How have all the factors above been brought together to estimate a fair value?
  • The analysts have a consensus price target of $4.75 for Full House Resorts based on their expectations of its future earnings growth, profit margins and other risk factors. However, there is a degree of disagreement amongst analysts, with the most bullish reporting a price target of $6.0, and the most bearish reporting a price target of just $4.0.
  • In order for you to agree with the analyst's consensus, you'd need to believe that by 2028, revenues will be $371.8 million, earnings will come to $29.7 million, and it would be trading on a PE ratio of 8.7x, assuming you use a discount rate of 11.6%.
  • Given the current share price of $4.49, the analyst price target of $4.75 is 5.5% higher. The relatively low difference between the current share price and the analyst consensus price target indicates that they believe on average, the company is fairly priced.
  • We always encourage you to reach your own conclusions though. So sense check these analyst numbers against your own assumptions and expectations based on your understanding of the business and what you believe is probable.

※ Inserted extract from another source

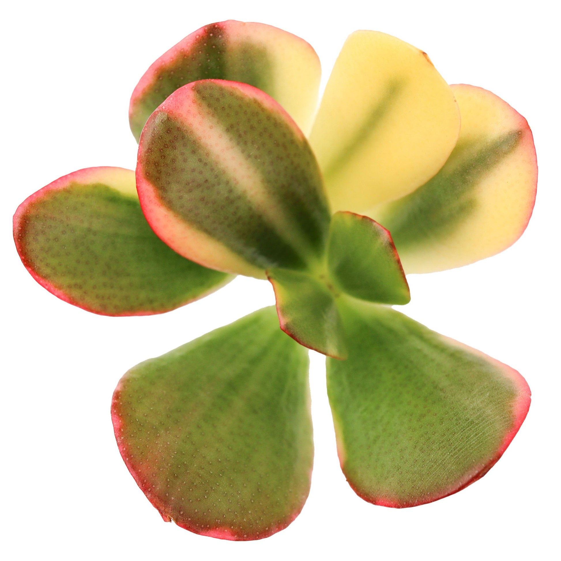 Behold the Crassula ovata f. variegata, a variegated gem among succulents, hailing from the rocky terrains of South Africa. This particular variety, often referred to as the 'Variegated Jade Plant', brings an exquisite palette of creamy white, green, and sometimes pink hues to its thick, fleshy leaves, which are a trademark of its resilience and water-storing abilities. The leaves' unique coloration is beautifully complemented by the plant's tendency to adopt a reddish tinge along its edges when exposed to bright sunlight, making it a vibrant addition to any indoor or outdoor garden.
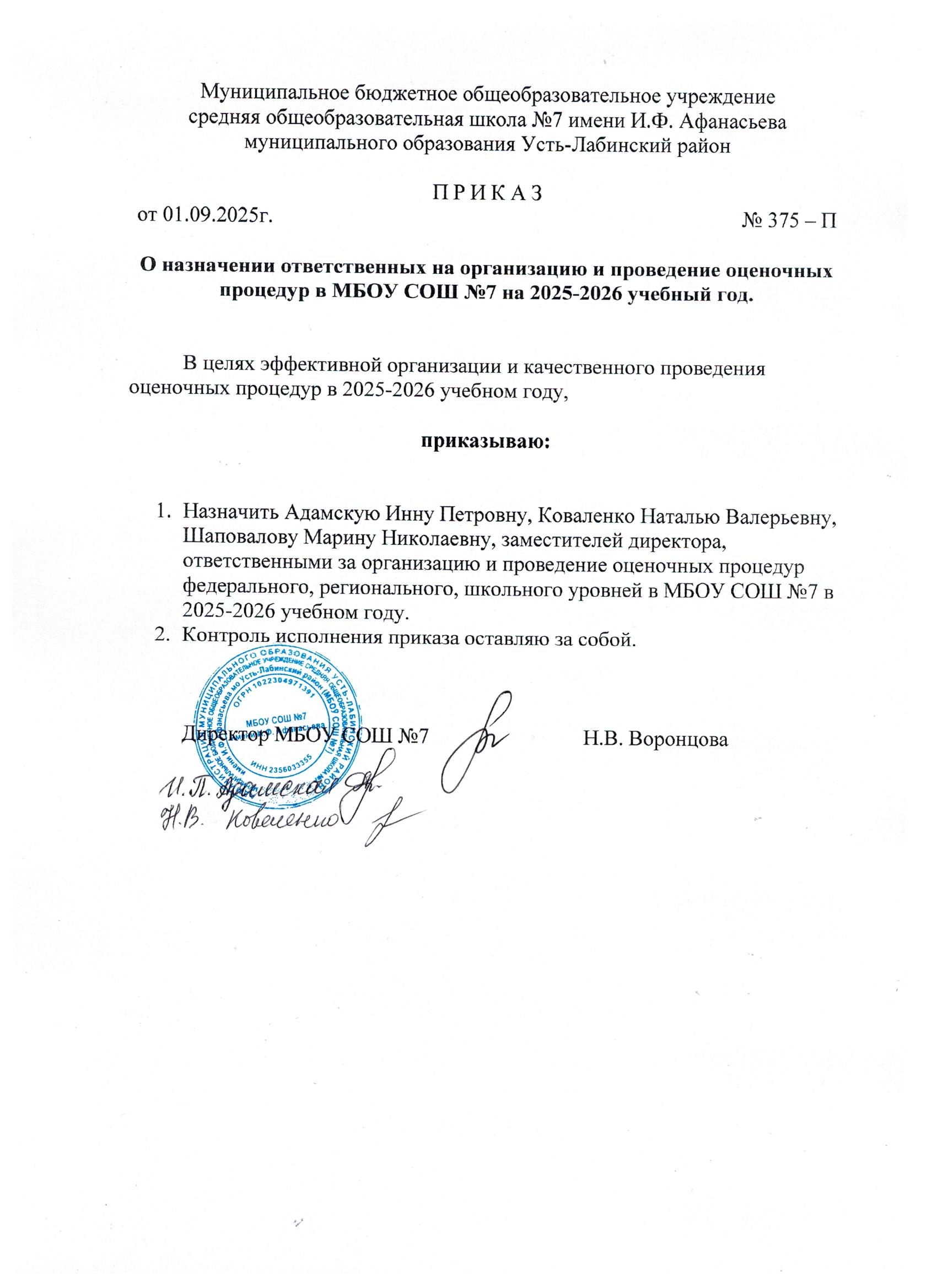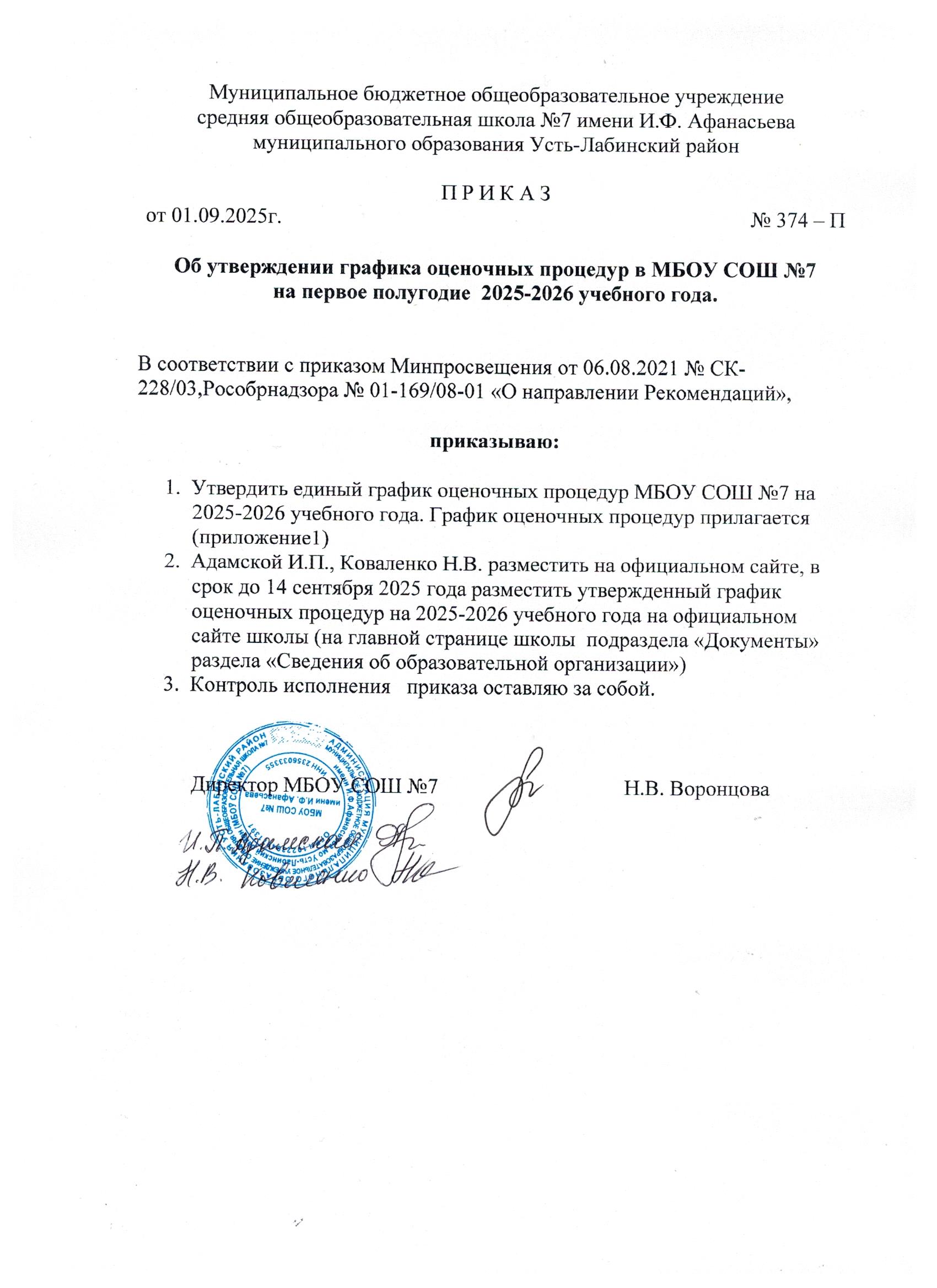График оценочных процедур в МБОУ СОШ № 7 им. И.Ф. Афанасьева на 2025-2026 учебного года

How well do narratives help inform your perspective?

Disclaimer

AnalystConsensusTarget is a tool utilizing a Large Language Model (LLM) that ingests data on consensus price targets, forecasted revenue and earnings figures, as well as the transcripts of earnings calls to produce qualitative analysis. The narratives produced by AnalystConsensusTarget are general in nature and are based solely on analyst data and publicly-available material published by the respective companies. These scenarios are not indicative of the company's future performance and are exploratory in nature. Simply Wall St has no position in the company(s) mentioned. Simply Wall St may provide the securities issuer or related entities with website advertising services for a fee, on an arm's length basis. These relationships have no impact on the way we conduct our business, the content we host, or how our content is served to users. The price targets and estimates used are consensus data, and do not constitute a recommendation to buy or sell any stock, and they do not take account of your objectives, or your financial situation. Note that AnalystConsensusTarget's analysis may not factor in the latest price-sensitive company announcements or qualitative material.